→ **TRY IT**: Keep every word of the listing and drop the images when you write it out.
Start of INFORMATION PROVIDED
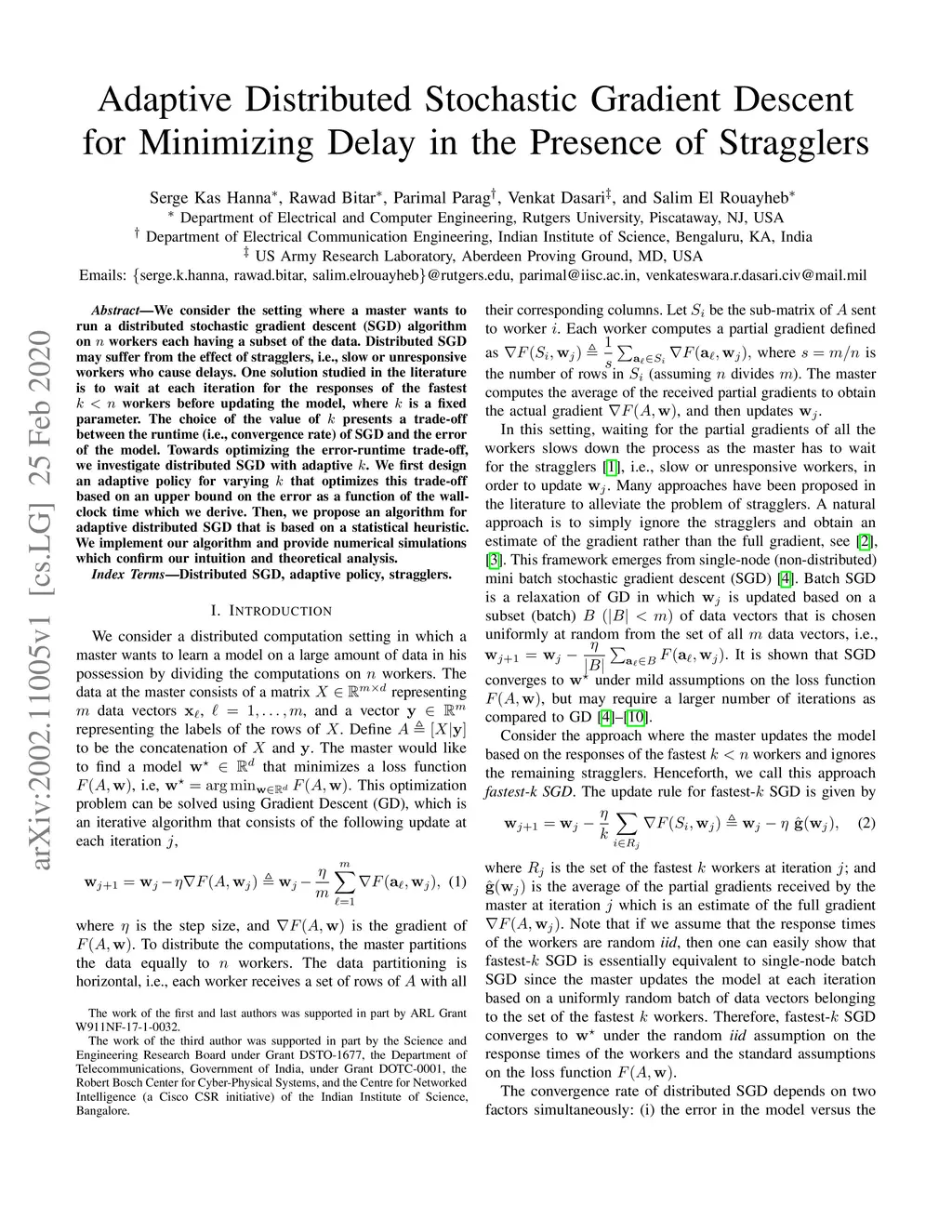 Adaptive Distributed Stochastic Gradient Descent for Minimizing Delay in
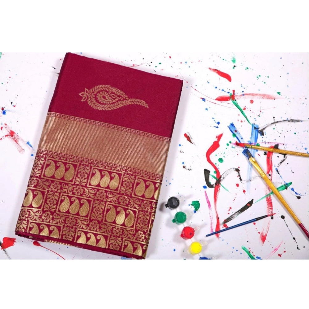Generic Women's Soft Litchi Silk Jacquard Work Saree With Unstitched Blouse 5.5Mtr (Maroon)
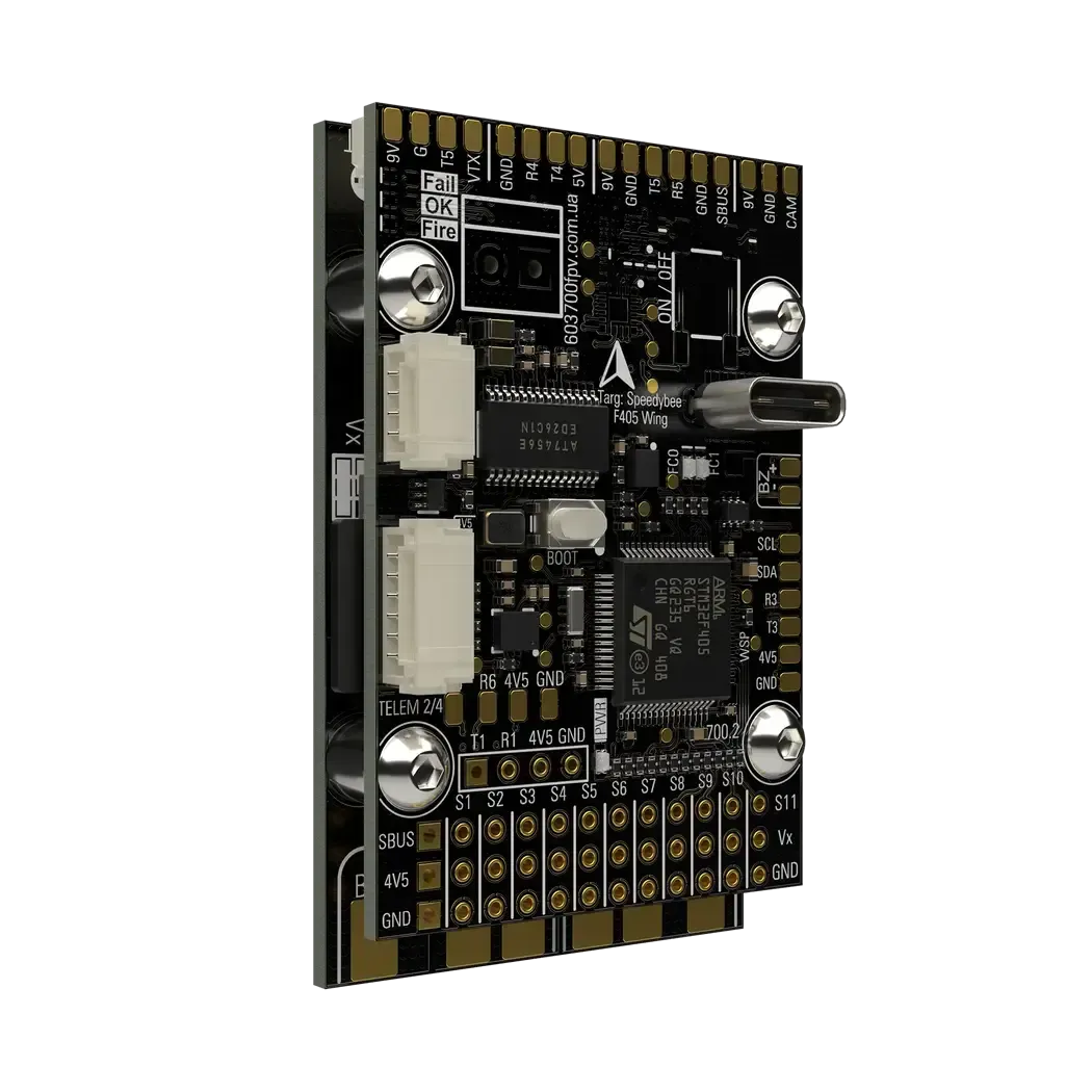 Flight controller for “Boryspil v1” wings. Features: convenient assembly (pins soldered directly to the board), external buzzer, USB on the FC board, powerful BECs with voltage selection, 2 battery connection contacts and Servo1 duplication on the PDB board.
End of INFORMATION PROVIDED
→ **THE ANSWER**:
 Adaptive Distributed Stochastic Gradient Descent for Minimizing Delay in
Generic Women's Soft Litchi Silk Jacquard Work Saree With Unstitched Blouse 5.5Mtr (Maroon)
 Flight controller for “Boryspil v1” wings. Features: convenient assembly (pins soldered directly to the board), external buzzer, USB on the FC board, powerful BECs with voltage selection, 2 battery connection contacts and Servo1 duplication on the PDB board.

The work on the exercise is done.